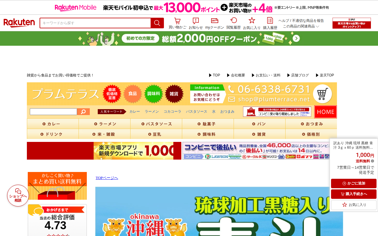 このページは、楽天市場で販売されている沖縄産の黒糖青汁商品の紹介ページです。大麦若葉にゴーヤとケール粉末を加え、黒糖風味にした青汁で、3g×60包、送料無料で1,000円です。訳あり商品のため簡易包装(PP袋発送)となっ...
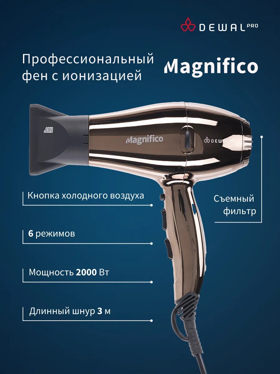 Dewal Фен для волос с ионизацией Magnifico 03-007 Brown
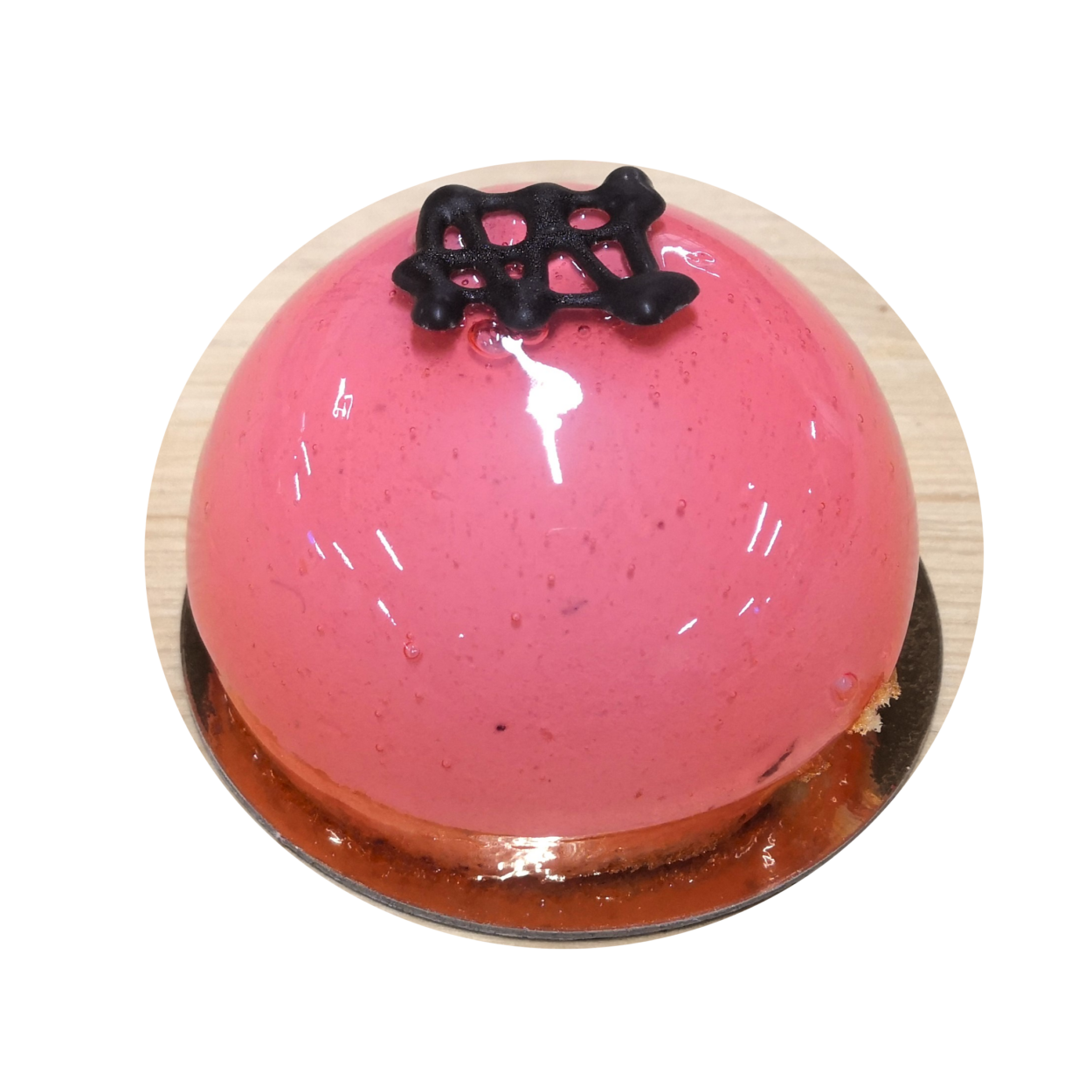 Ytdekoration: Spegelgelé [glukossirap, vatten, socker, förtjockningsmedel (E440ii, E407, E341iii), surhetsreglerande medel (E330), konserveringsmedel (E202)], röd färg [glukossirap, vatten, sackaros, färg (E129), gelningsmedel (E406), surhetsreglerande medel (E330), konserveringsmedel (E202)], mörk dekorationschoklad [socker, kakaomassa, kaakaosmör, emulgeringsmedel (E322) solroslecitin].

--

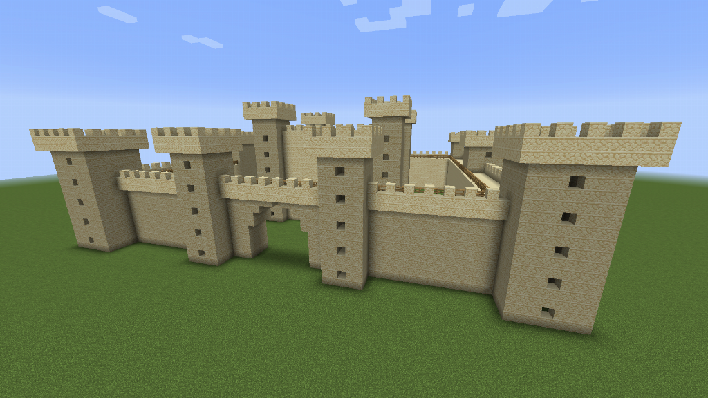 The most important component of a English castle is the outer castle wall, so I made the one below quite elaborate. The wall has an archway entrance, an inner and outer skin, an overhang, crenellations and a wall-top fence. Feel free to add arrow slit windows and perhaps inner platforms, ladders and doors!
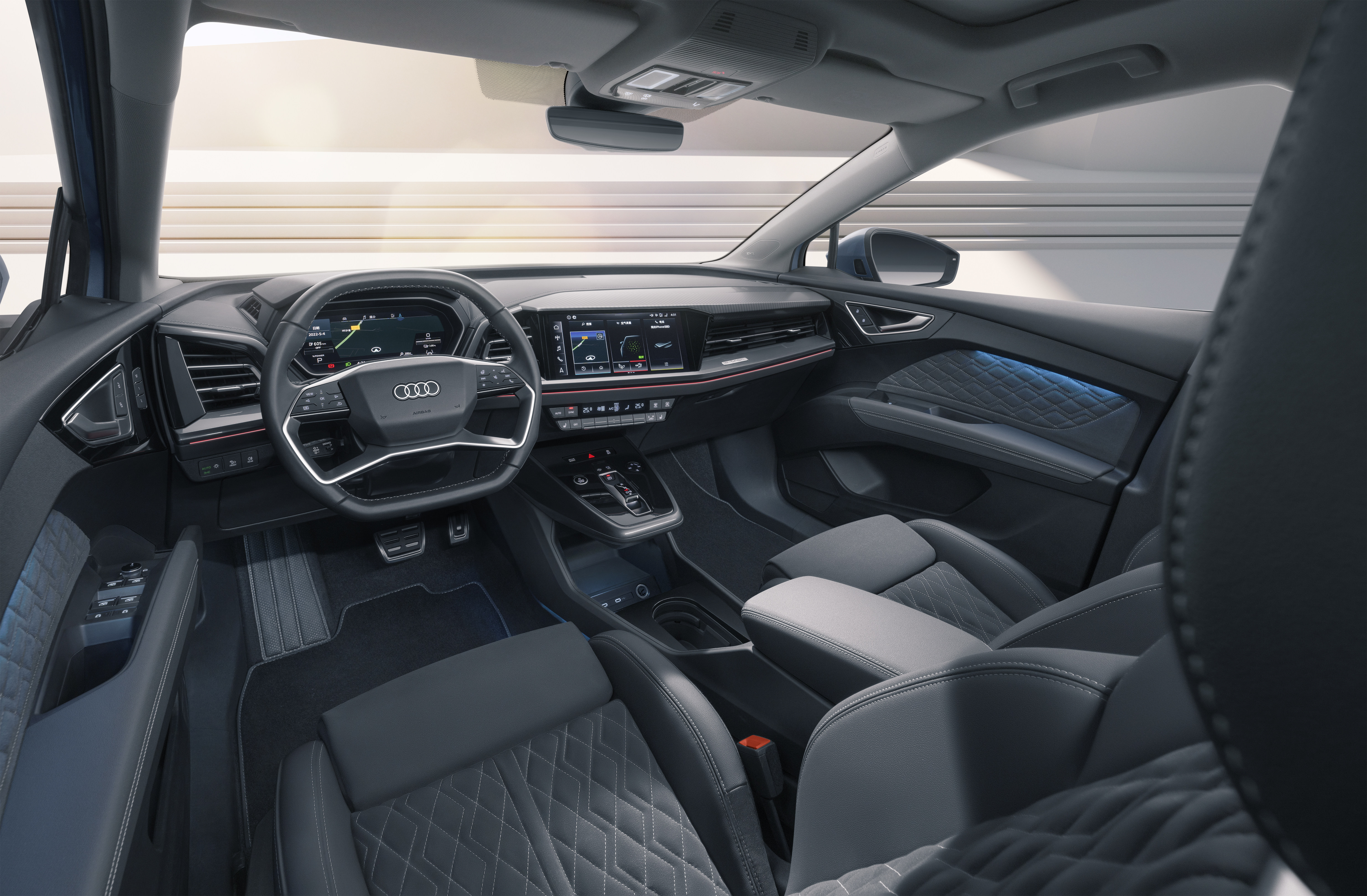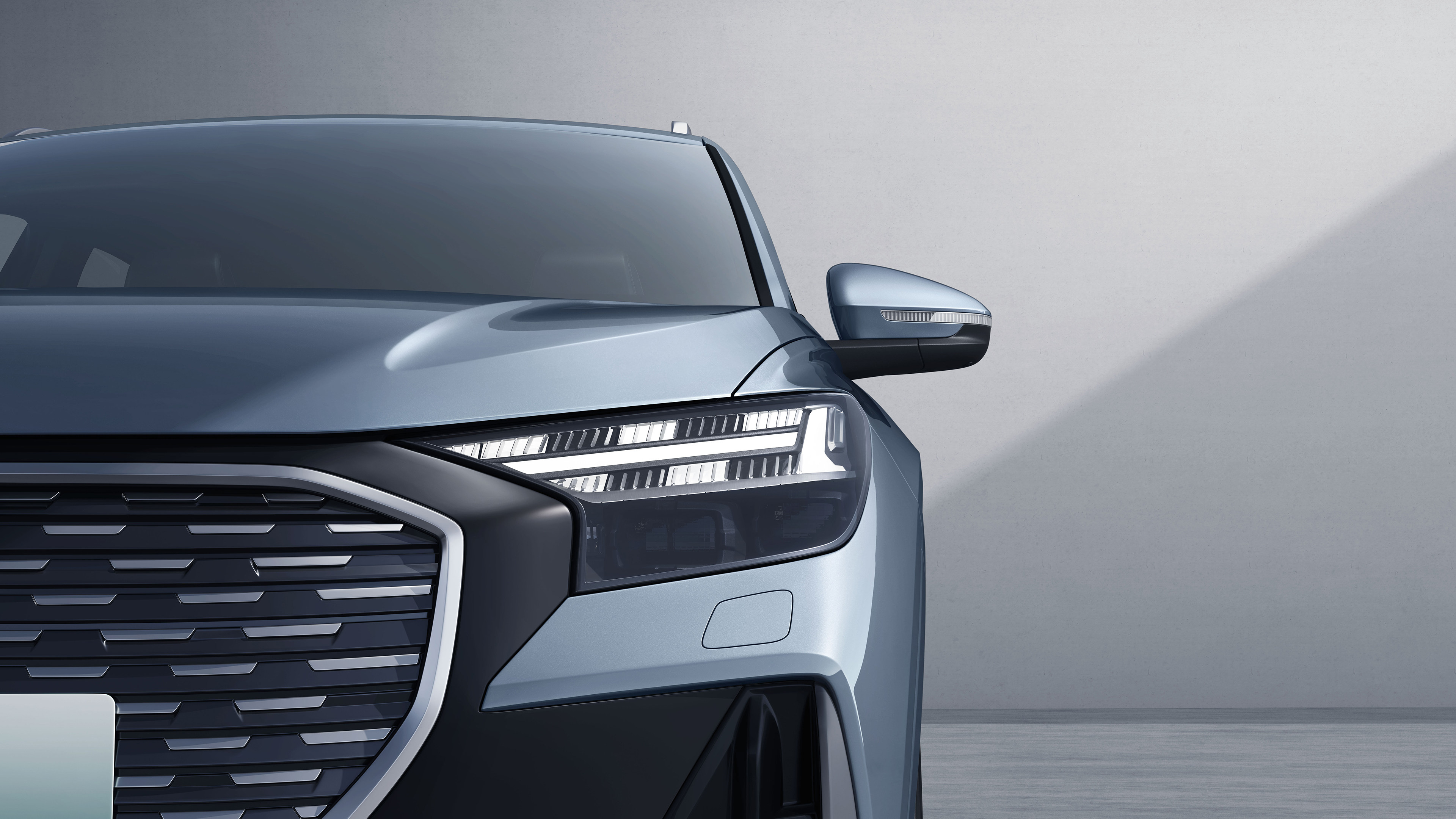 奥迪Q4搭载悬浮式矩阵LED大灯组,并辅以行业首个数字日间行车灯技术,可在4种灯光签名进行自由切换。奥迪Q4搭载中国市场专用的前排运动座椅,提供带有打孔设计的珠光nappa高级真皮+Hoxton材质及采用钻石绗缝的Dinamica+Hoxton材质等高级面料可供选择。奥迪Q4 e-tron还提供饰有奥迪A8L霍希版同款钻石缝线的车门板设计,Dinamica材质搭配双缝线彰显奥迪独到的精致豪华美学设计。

• Work instructions:
Extract from the material above the stretch running from the line containing "このページは、楽天市場で販売" through the line containing "Dewal Фен для". Keep the text exact and the pictures out.

• Expected answer:
 このページは、楽天市場で販売されている沖縄産の黒糖青汁商品の紹介ページです。大麦若葉にゴーヤとケール粉末を加え、黒糖風味にした青汁で、3g×60包、送料無料で1,000円です。訳あり商品のため簡易包装(PP袋発送)となっ...
 Dewal Фен для волос с ионизацией Magnifico 03-007 Brown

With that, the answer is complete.